### TASK INPUTS
◇ ◇ ◇ ◇ ◇
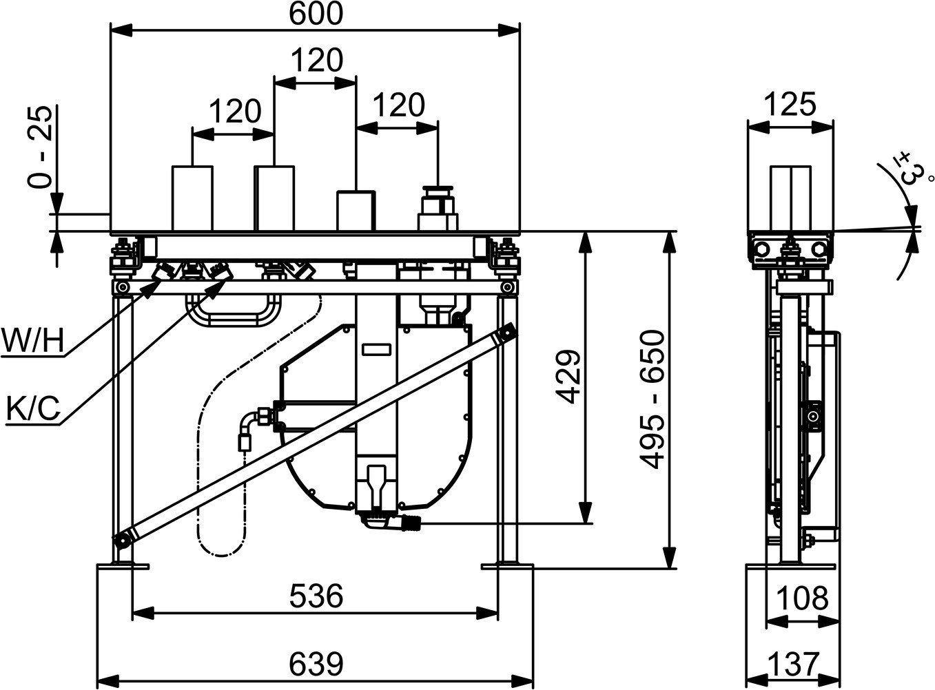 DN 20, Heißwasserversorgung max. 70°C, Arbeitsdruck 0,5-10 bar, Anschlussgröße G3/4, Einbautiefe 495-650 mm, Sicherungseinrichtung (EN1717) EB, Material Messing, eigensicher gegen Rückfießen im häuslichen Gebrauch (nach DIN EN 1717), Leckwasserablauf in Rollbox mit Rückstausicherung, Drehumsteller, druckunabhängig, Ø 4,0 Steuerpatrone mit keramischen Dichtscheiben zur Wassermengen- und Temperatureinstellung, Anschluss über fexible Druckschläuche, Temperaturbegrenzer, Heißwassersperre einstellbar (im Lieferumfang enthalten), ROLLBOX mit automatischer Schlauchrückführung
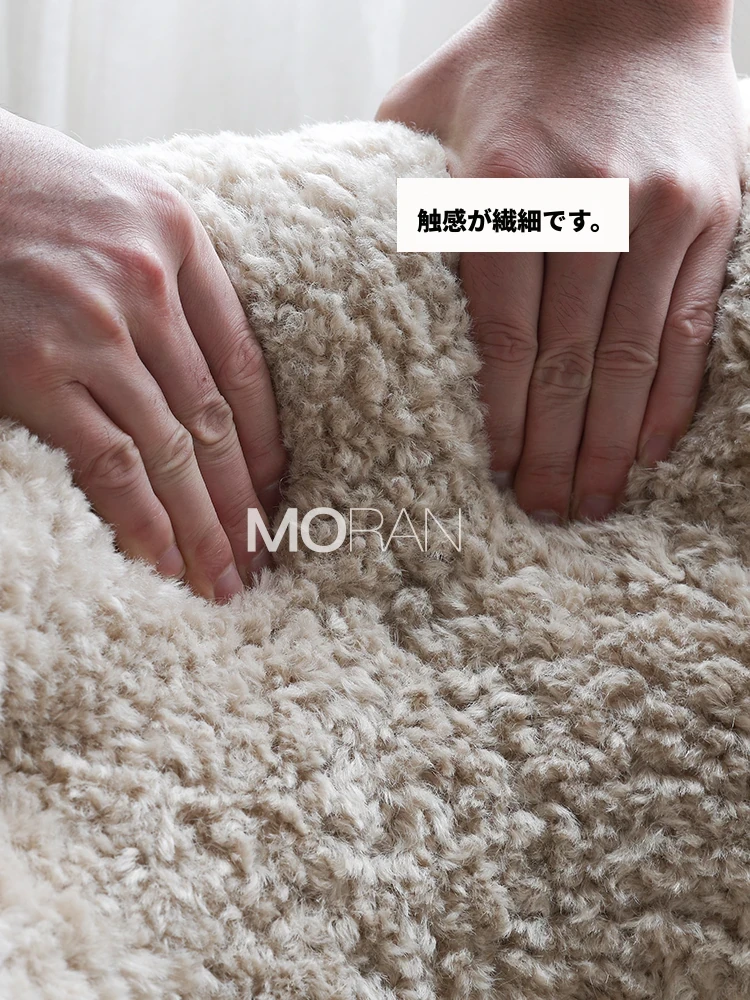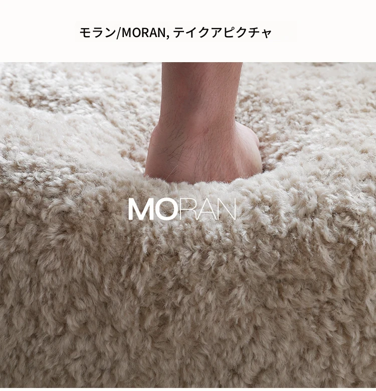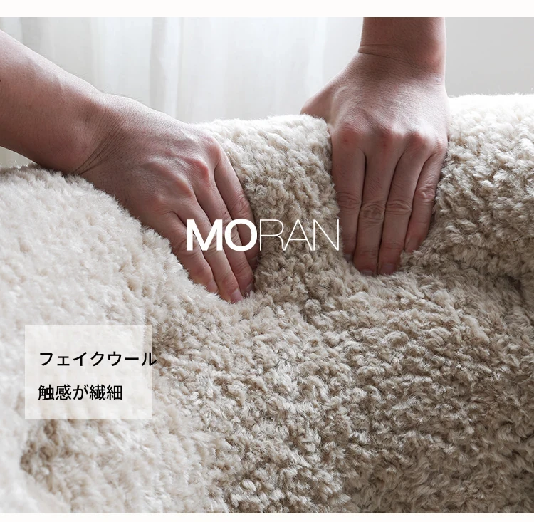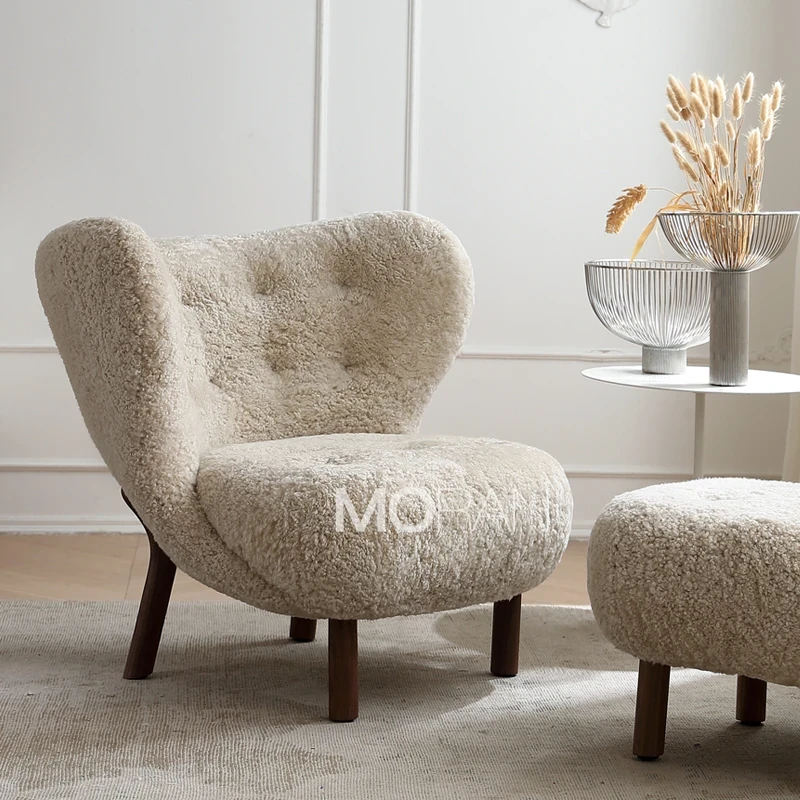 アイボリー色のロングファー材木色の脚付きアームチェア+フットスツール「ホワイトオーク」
◇ ◇ ◇ ◇ ◇
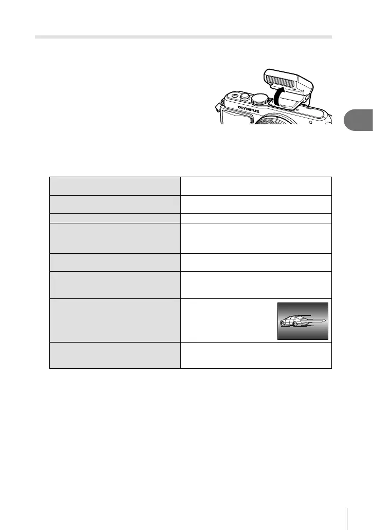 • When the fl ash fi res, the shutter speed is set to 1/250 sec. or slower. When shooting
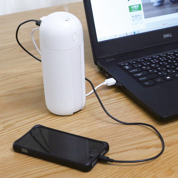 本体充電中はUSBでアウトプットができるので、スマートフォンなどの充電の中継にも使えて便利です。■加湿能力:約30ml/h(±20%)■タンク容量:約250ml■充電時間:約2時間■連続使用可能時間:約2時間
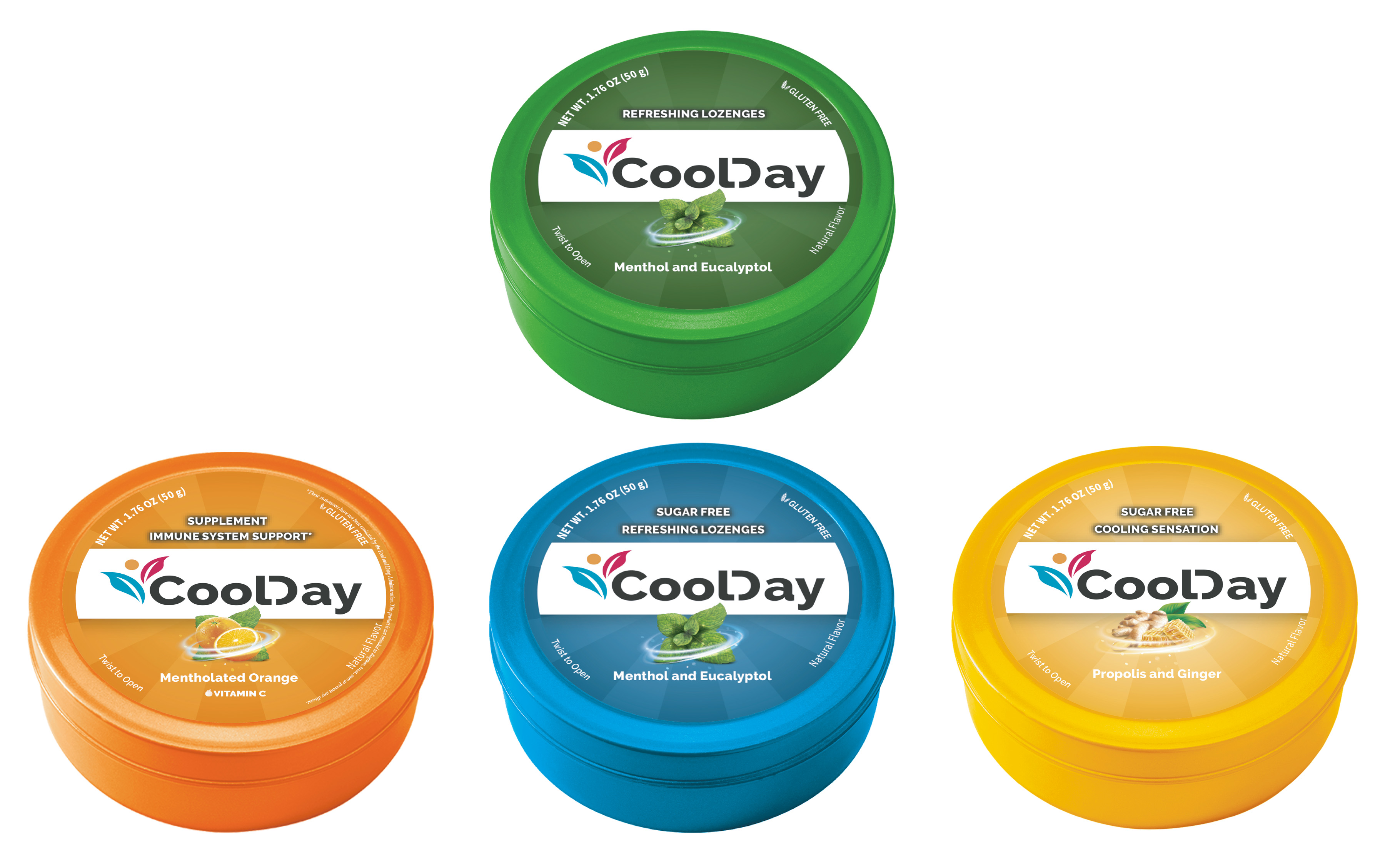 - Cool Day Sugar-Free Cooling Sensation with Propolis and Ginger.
◇ ◇ ◇ ◇ ◇
### PROBLEM TO SOLVE
Keep to the lines above from the line with "本体充電中はUSBでアウトプ" to the line with "- Cool Day Sugar-Free", and set down exactly those, inclusive, with nothing else and every picture left out.

### EXERCISE SOLUTION
 本体充電中はUSBでアウトプットができるので、スマートフォンなどの充電の中継にも使えて便利です。■加湿能力:約30ml/h(±20%)■タンク容量:約250ml■充電時間:約2時間■連続使用可能時間:約2時間
 - Cool Day Sugar-Free Cooling Sensation with Propolis and Ginger.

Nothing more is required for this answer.